There must have been about a dozen of them, each making its own slow, stately progress across the sidewalk, antennae probing the air in slow motion, pinwheeling like the limbs of a cartoon character that’s just walked off the edge of a cliff, waving around like the tentacles of a sea anemone. They formed an elegant regatta; instead of sails, each hoisted its own carapace, navigating this dangerous crossing by touch. They were difficult to see, though, their shells blending so completely into the color of the concrete. I thought of the Allied convoys that ferried supplies across the Atlantic during World War II. Of the scores of ships that set out, up to half were routinely picked off by German U-boats. How many snails would make it to their destination: the brick wall on the other side of the sidewalk, behind which lay a neighbor’s front garden and safety?

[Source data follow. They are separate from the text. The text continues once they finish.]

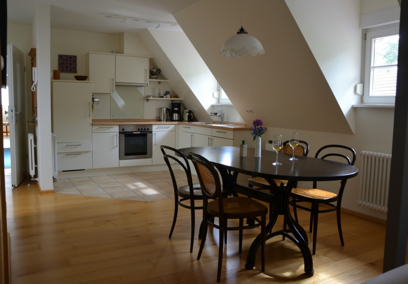 Die Wohnung ist für zwei Personen (Doppelbett 180 cm) vorgesehen. Sie können sie auch für drei oder vier Personen mieten. Dann kommt das gegenüber liegende Turmzimmer hinzu. Damit steht Ihnen das komplette Dachgeschoss zur Verfügung.
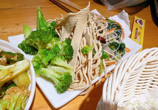还有一道凉拌菜,豆腐皮,切成细丝,泡软了的粉丝晶莹剔透,还有焯过水碧绿的菠菜、橙红的胡萝卜丝。最让人惊喜的是,里面还“藏”了几朵焯熟的西兰花,像翠绿的小树冠。这一盘子,五彩斑斓的,用简单的香油、醋和盐一调,各种食材不同的口感在嘴里交汇,脆的、软的、韧的、滑的,清爽开胃,正好中和炒菜的温热。
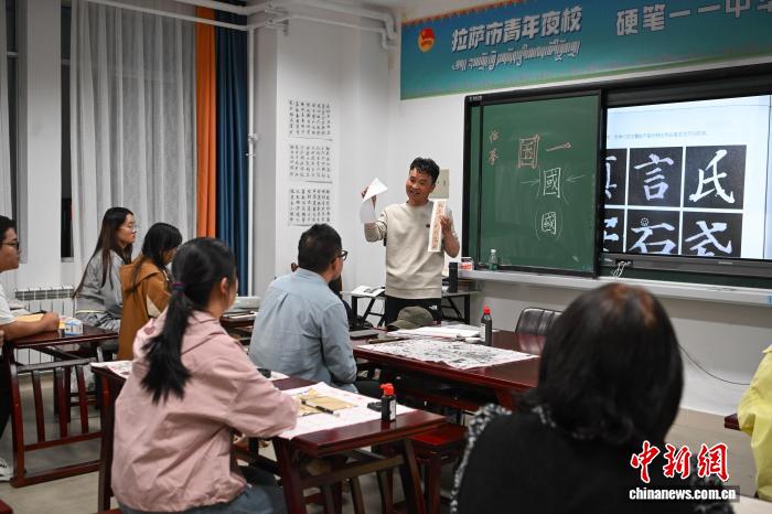 9月1日,2025年西藏自治區(qū)拉薩市第二期“青年夜校”正式開班。圖為夜校學(xué)員在上書法課。中新社記者 貢嘎來松 攝

The sidewalks are thick with snails this time of year, but I had never before seen so many travelling in a pack or a herd or a bevvy, or whatever the technical term is for a group of snails. Everything about them reminded me of ships. They bobbed up and down slightly as they sailed along, their bodies moving in a wave-like motion, the slimy foot on which they glide rippling like the surface of the ocean. And they even left a wake, thin strips of mucous just like the ones I see glistening in our garden every morning, tracing the paths where the snails have been. They were so calm, so determined, so oblivious to the danger they were in from pedestrians. I thought of putting up a road sign, CAUTION: SNAIL CROSSING. By the way, May 24 is National Escargot Day.About 45 minutes later, I was coming back the same way and stopped to see how the snails had fared. Of the 12 that originally set out, eight made it to the garden. I saw one still making the final ascent of the brick wall on the other side of the sidewalk. I counted four oily, snot-like clumps and four crushed shells. Not a bad success rate, I thought, for such a perilous trek.

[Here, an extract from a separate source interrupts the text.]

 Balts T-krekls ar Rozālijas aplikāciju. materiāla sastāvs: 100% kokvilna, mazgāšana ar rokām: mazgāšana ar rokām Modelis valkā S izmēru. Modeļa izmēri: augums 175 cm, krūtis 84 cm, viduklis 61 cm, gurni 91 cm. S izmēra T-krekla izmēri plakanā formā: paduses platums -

I don’t know any aphorisms about snails, but I do know a few aphorisms about persistence, and that’s what impressed me most about these snails. They risked everything to get to the other side. To me, their progress looked plodding. But for the snails it was a race against death. And they took their time, taking the perils and the possibilities in stride. Like Baltasar Gracián, a 17th century Spanish Jesuit monk, said:

Be slow and sure. Things are done quickly enough if done well. If just quickly done they can be quickly undone. To last an eternity requires an eternity of preparation.